Records drawn from a dataset

□ □ □ □

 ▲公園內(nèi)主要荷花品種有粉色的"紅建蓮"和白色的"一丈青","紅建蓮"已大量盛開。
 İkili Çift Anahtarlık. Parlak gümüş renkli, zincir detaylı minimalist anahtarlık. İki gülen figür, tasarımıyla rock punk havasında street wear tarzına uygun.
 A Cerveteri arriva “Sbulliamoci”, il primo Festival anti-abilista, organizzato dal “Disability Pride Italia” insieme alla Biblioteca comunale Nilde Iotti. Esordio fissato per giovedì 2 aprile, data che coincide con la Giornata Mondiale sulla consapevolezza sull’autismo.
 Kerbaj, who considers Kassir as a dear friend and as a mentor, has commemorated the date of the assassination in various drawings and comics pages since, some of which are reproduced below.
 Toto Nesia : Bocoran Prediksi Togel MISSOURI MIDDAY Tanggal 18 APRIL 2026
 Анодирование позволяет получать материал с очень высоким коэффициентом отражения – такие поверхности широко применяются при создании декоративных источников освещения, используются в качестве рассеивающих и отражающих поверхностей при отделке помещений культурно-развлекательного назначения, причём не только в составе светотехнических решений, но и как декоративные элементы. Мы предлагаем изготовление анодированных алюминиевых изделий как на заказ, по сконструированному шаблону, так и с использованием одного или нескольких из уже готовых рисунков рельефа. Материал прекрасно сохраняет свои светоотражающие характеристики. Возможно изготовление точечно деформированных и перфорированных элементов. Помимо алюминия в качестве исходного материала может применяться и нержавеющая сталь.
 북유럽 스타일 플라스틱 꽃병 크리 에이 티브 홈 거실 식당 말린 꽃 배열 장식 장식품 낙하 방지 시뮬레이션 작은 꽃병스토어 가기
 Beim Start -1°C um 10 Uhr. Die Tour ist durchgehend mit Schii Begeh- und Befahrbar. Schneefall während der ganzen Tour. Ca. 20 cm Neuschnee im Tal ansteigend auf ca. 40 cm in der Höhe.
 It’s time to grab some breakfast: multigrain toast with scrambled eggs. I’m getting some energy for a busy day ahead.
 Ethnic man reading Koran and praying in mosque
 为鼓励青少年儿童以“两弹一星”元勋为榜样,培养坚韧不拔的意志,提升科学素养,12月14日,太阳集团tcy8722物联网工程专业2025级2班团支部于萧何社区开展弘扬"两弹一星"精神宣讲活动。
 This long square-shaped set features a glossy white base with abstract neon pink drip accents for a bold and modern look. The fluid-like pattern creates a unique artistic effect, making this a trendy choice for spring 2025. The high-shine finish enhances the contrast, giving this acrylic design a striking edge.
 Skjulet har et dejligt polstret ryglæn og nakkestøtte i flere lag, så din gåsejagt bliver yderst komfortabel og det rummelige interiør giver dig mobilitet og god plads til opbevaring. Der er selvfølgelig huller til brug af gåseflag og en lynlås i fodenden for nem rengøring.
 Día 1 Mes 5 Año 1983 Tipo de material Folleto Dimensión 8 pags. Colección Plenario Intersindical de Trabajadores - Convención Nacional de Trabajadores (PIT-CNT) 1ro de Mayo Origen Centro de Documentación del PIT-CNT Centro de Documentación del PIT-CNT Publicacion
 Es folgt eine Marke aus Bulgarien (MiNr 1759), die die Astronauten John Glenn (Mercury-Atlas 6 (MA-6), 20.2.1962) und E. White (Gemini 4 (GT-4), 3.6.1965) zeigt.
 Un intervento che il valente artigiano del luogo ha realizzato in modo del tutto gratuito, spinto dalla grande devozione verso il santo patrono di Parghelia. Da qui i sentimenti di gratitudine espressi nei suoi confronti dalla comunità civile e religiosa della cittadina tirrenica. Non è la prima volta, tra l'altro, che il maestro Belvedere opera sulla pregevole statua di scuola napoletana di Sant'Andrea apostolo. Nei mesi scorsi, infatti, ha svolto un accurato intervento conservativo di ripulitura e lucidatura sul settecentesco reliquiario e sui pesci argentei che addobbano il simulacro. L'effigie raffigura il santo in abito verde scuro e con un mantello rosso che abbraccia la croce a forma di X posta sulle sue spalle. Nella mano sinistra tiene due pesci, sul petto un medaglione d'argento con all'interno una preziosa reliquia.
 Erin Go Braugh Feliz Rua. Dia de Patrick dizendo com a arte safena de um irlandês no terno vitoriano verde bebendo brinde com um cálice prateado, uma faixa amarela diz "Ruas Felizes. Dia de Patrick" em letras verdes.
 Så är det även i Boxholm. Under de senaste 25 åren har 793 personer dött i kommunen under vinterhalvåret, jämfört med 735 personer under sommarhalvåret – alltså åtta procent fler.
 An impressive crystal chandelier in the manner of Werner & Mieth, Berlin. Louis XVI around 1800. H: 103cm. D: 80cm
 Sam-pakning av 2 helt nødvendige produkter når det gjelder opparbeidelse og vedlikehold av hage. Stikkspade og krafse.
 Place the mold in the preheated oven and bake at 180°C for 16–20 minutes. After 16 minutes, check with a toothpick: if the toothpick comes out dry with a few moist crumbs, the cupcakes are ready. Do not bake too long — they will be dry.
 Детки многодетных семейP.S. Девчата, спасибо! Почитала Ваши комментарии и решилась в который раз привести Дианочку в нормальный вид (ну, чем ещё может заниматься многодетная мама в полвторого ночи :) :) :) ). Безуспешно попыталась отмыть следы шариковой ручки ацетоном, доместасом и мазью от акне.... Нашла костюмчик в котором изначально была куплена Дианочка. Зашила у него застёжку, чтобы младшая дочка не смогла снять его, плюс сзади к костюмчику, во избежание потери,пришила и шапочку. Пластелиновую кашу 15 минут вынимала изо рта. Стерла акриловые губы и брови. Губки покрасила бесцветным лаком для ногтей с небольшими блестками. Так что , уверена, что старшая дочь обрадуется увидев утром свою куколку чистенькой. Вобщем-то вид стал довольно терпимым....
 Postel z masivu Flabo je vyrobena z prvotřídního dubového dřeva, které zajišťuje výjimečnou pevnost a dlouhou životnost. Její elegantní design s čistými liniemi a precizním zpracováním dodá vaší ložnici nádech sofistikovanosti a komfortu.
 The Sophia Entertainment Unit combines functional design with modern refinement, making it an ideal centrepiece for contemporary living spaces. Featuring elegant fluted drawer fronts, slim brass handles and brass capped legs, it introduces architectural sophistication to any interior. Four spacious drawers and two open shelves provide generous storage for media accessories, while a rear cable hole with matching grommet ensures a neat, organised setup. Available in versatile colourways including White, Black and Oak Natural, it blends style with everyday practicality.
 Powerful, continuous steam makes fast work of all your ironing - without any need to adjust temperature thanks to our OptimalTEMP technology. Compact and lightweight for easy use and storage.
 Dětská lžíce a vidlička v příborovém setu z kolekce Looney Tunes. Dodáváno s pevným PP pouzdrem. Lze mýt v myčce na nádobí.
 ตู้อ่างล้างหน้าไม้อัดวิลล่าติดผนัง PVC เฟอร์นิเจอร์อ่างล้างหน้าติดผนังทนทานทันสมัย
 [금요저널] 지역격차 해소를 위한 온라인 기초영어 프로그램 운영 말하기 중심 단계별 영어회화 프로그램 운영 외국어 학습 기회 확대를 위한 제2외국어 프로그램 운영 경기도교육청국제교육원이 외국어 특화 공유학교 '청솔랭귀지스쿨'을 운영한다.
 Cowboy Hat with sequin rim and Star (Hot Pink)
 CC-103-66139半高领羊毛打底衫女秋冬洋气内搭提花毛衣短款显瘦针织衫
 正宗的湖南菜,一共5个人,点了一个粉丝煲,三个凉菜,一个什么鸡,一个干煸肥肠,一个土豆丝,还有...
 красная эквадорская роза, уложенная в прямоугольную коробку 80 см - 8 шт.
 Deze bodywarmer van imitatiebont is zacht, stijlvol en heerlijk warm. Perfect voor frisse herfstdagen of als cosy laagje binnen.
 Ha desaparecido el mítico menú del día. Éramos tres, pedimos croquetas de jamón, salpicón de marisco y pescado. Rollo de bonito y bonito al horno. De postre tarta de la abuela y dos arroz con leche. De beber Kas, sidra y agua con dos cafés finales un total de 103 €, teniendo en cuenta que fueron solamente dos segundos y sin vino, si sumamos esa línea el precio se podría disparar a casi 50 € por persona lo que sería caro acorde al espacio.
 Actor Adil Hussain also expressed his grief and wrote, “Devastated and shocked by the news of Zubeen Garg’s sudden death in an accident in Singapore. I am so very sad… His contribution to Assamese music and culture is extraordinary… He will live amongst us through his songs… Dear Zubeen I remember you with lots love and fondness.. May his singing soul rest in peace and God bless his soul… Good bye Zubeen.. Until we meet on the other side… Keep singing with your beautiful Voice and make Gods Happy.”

□ □ □ □

=== Instructions to follow ===
How many lines of these entries contain the string "some"? Reply with the number alone.

=== Output below ===
2